Differentiation and classification of thoracolumbar transitional vertebrae

Anneli M Du Plessis 1,2,, Linda M Greyling 1, Benedict J Page 1
PMCID: PMC5879990  PMID: 29363131

Abstract

The literature states that transitional vertebrae at any junction are characterized by features retained from two adjacent regions in the vertebral column. Currently, there is no published literature available that describes the prevalence or morphology of thoracolumbar transitional vertebrae (TLTV). The aim of this study was to identify the qualitative characteristics of transitional vertebrae at the thoracolumbar junction and establish a technique to differentiate the various subtypes that may be found. A selection of vertebral columns from skeletal remains (n = 35) were evaluated in this study. Vertebrae were taken based on features that are atypical for vertebrae in each relative region. The transitional vertebrae were qualitatively identified based on overlapping thoracic and lumbar features of vertebrae at the thoracolumbar junction. The following general overlapping characteristics were observed: aplasia or hypoplasia of the transverse process, irregular orientation on the superior articular process and atypical mammillary bodies. The results show that the most frequent location of the transitional vertebrae was in the thoracic region (f = 23). The second most frequent location was in the lumbar region (f = 10). In two specimens of the selection (f = 2), an additional 13th thoracic vertebra was present which functioned as a transitional vertebra. This study concluded that one can accurately identify the characteristics of transitional vertebrae at the thoracolumbar junction. In addition, the various subtypes can be differentiated according to the region in the vertebral column the vertebra is located in and the relative number of vertebral segments in the adjacent regions of the vertebral column. This provides a qualitative tool for researchers to differentiate the transitional vertebrae from distinctly different typical thoracic or lumbar vertebrae at the thoracolumbar junction.

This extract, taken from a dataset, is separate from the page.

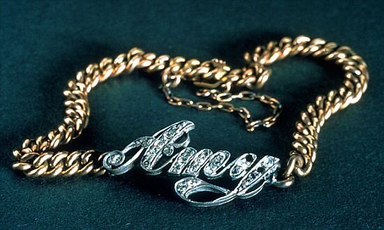 Одним из самых загадочных предметов найденных на затонувшем лайнере является золотой браслет с надписью «Эми» (“Amy”). Браслет был найден после кораблекрушения и продан с аукциона спустя примерно сто лет после катастрофы. Найденный на «Титанике» браслет выглядит как золотая цепочка с элементами серебра и бриллиантами. Собственно, сама надпись выложена именно бриллиантами. Надпись «Эми» на браслете указывает на то, что его владелицей могла быть Аманда, которая была членом экипажа. Также это украшение могло принадлежать двум другим девушкам – пассажирам второго класса: мисс Аманде или Амели. Помимо этого существует версия, что браслет везли кому-то в подарок. Так или иначе подлинный владелец этого ювелирного украшения неизвестен, как неизвестна и его судьба. Стоит отметить, что этот браслет является далеко не единственным драгоценным украшением поднятым со дна Атлантического океана. На «Титанике» было очень много различных ювелирных изделий из золота и бриллиантов. Общая стоимость украшений, которые перевозил лайнер оценивается минимум в 200 миллионов долларов по сегодняшним меркам. Учитывая, что исследование одна до сих пор продолжается, не исключено, что вскоре общая стоимость сокровищ «Титаника» немного возрастет.

Keywords: anatomy, atypical, congenital, morphology, skeletal remains, vertebral column

Introduction

The vertebral column collectively refers to 33 vertebrae that are subdivided into five regions (Drake et al. 2009; Hansen, 2010; Moore et al. 2010; Standring, 2015). Typically, there are seven cervical (C1–C7), 12 thoracic (T1–T12), five lumbar (L1–L5), five sacral (S1–S5) and four coccygeal vertebrae (Rawls & Fisher, 2010). The vertebrae are numbered according to their sequence in a specific vertebral region. Vertebrae vary in size and morphology from one region of the vertebral column to the other. The region is demarcated by specific anatomical features present on the vertebrae that is unique to each region (Moore et al. 2014; Standring, 2015).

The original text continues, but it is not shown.